The hon. Member put forward two arguments for private sponsorship. The first was that it would be chosen by individuals. The mind boggles at the the thought of Rupert Murdoch in charge of the choice of works of art in this country. That is what it would amount to. Secondly, the hon. Gentleman says that private sponsorship has proved to be adventurous because it has put up money for the Edinburgh Festival Fringe.
As the man who started the Edinburgh Fringe, I am pleased about that, but in the initial years no such money was forthcoming for our productions. No money is being given for the present production of the play about the miners, "The Garden of England". When that comes, we might talk.
Such nonsense can be equalled only by the Minister for the Arts in his infamous speech in the House of Lords when he said that there had been an 18 per cent. increase in real terms in arts funding since the Government came to office. The funding and the figures are important. The Minister for the Arts claimed that the arts had received an 18 per cent. increase since 1978–79. He claimed that on television, in an argument with Peter Hall and others, and in the House of Lords. I assume that he intended to cover the Tory period in office.

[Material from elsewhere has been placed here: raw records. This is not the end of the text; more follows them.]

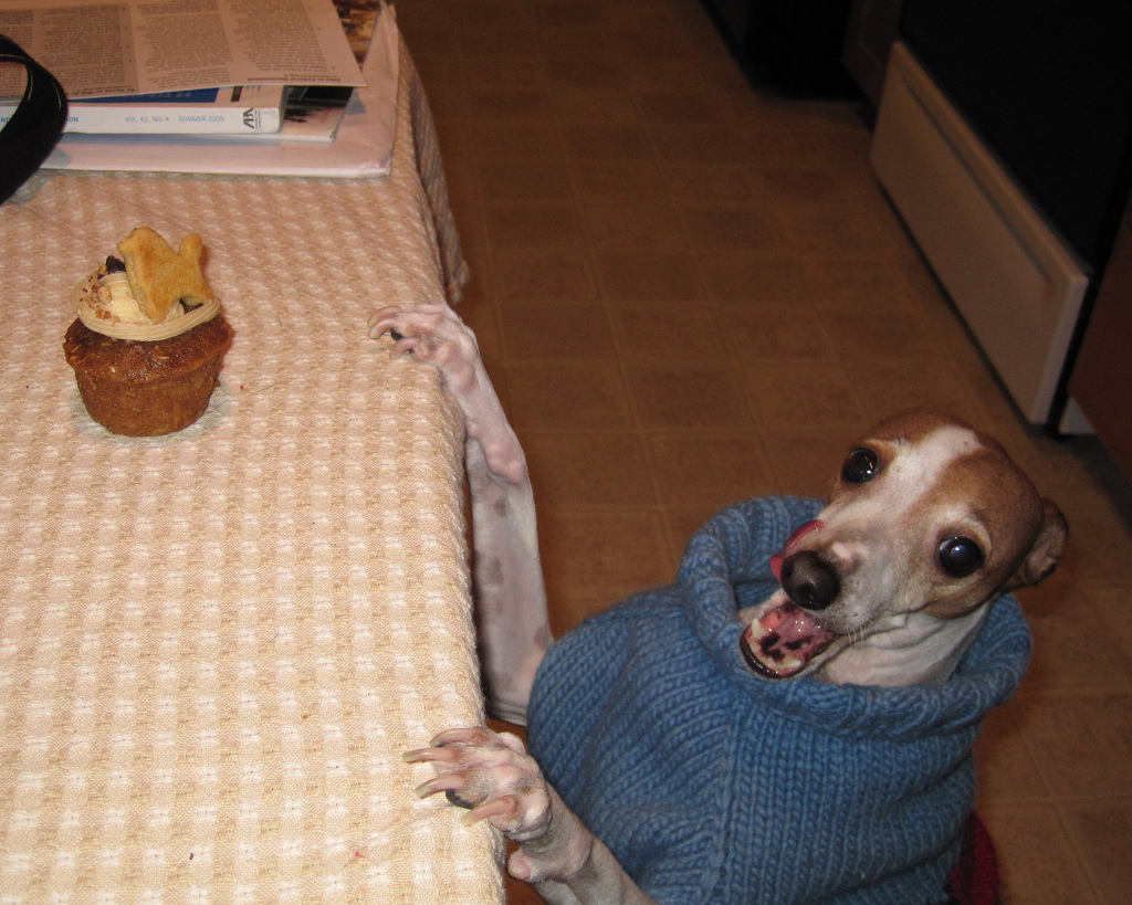 Today, Sofie turned 5! She was treated with a carrot and apple pupcake from West Seattle Dawg. Her rating was 4 paws. I thought the cupcake was extremely cute.
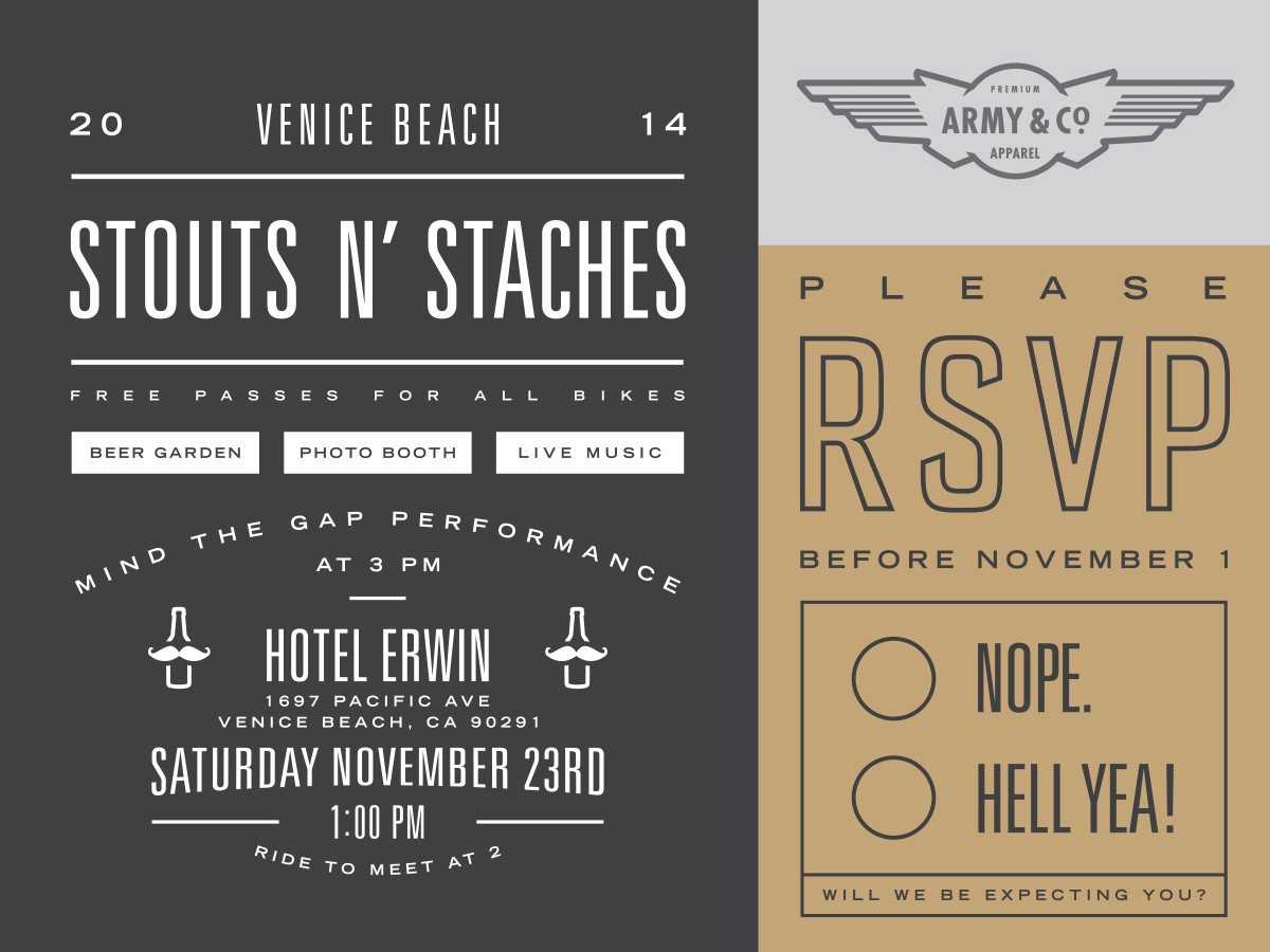 В дизайне ниже прослеживается четкая иерархия: ее создают как секции, так и белое пространство. В левой части наиболее важная информация — дата и место проведения события — выделяется за счет расположения и размера слов. Расстояния между элементами согласованы, и дизайн не выглядит перегруженным: информацию достаточно просто прочитать. Разные цвета фона делят дизайн на четкие секции, у каждой из которых свое назначение: основная информация, логотип спонсора и форма RSVP.
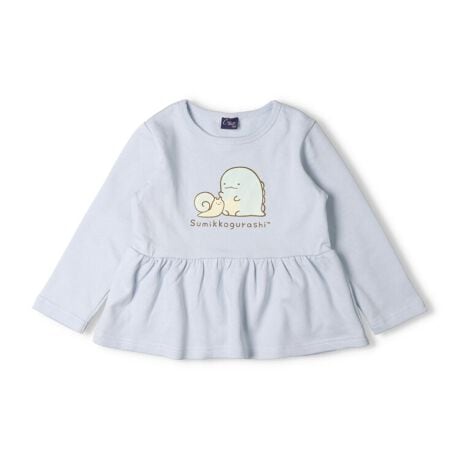 人気の「すみっコぐらし」デザインアイテム。すみっコぐらしのキャラクターのプリントが可愛いトレーナー、スウェット。秋から春まで長く着られる裏毛素材。ピンクはしろくま、ふろしき、サックスはとかげ、にせつむりのプリント入り。ギフトやプレゼントにもオススメな綿100%アイテム。(ベビーサイズのみ肩ボタン仕様になります。)【アイテム】トップス シンプル ガーリー フェミニン カジュアル お洒落 オシャレ かわいい 可愛い 普段着 デイリーウェア お出かけ着 お外着 お外遊び着 子ども こども 女児 女の子 ガールズ キッズ ベビーサイズ トドラーサイズ 幼稚園 保育園 小学校 通園 通学 小学生 2025年秋冬物新作 丸高衣料 ロングスリーブ 長袖 コットン100% ピンク サックス 水色 クレセント
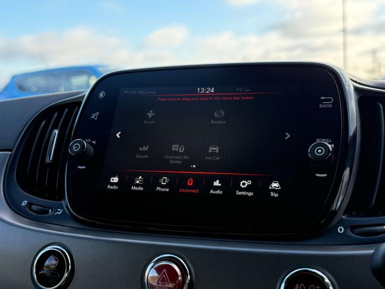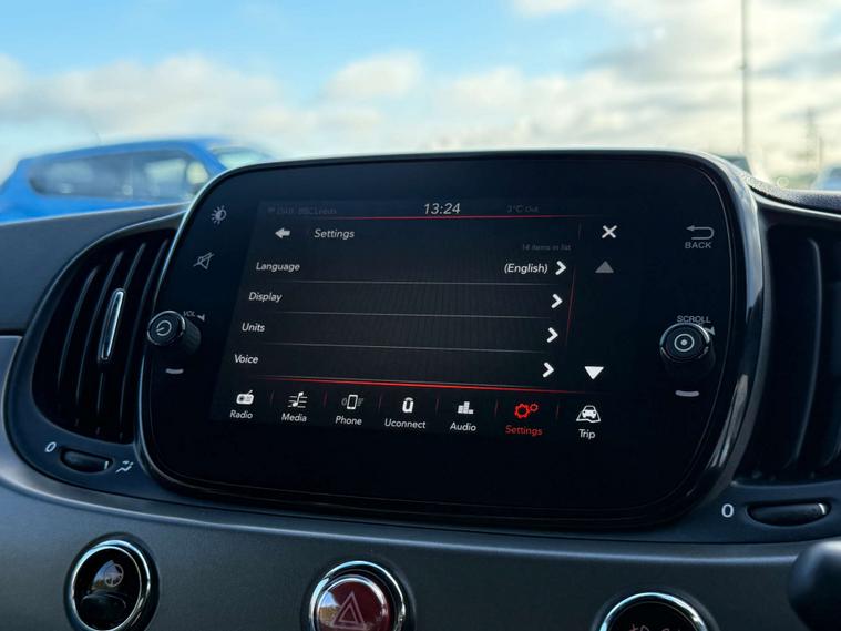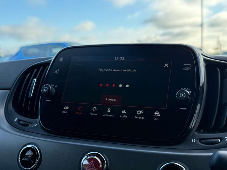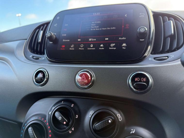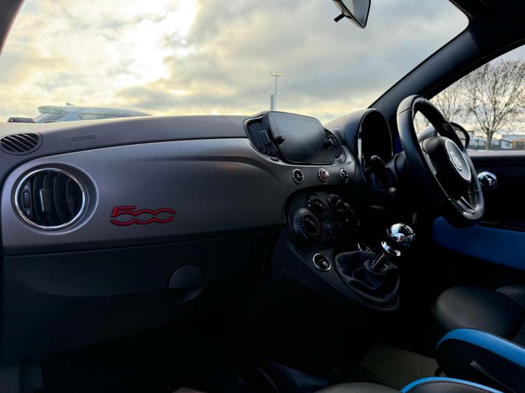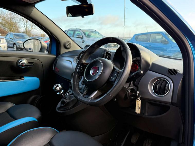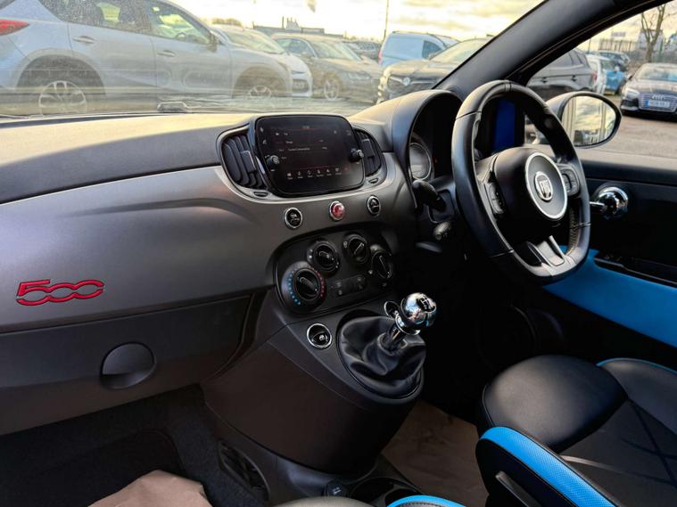 Step inside and experience the perfect blend of comfort and style. The black ambience adds a touch of elegance, while the sporty seats provide the support you need for those longer drives. Whether you’re navigating city streets or cruising through the countryside, the Fiat 500 offers a driving experience that’s both exhilarating and efficient.

The year 1978–79 was a curious year to choose. It was the last year of the Labour Government and therefore refers to a Labour programme. I am curious about why the Minister for the Arts should have sought some spurious credit. The answer is even more curious. In that year there was a computer strike and £6 million from the Labour programme was transferred to the following year's programme. About 5 per cent. of the total was therefore paid in the following year, thus producing an artificially low figure for 1978–79 and an equally high jump in the following year. That means that the 18 per cent. claim can be reduced by more than one third in real terms. The claim is nonsense, but it reveals creative accounting by an Arts Minister who was once a Treasury Minister. The claim is strange because, according to the Minister for the Arts, public expenditure is, by definition, evil. The Government say that all public spending is bad and that it must be cut. It is strange that they should take credit for a Labour Government spending programme.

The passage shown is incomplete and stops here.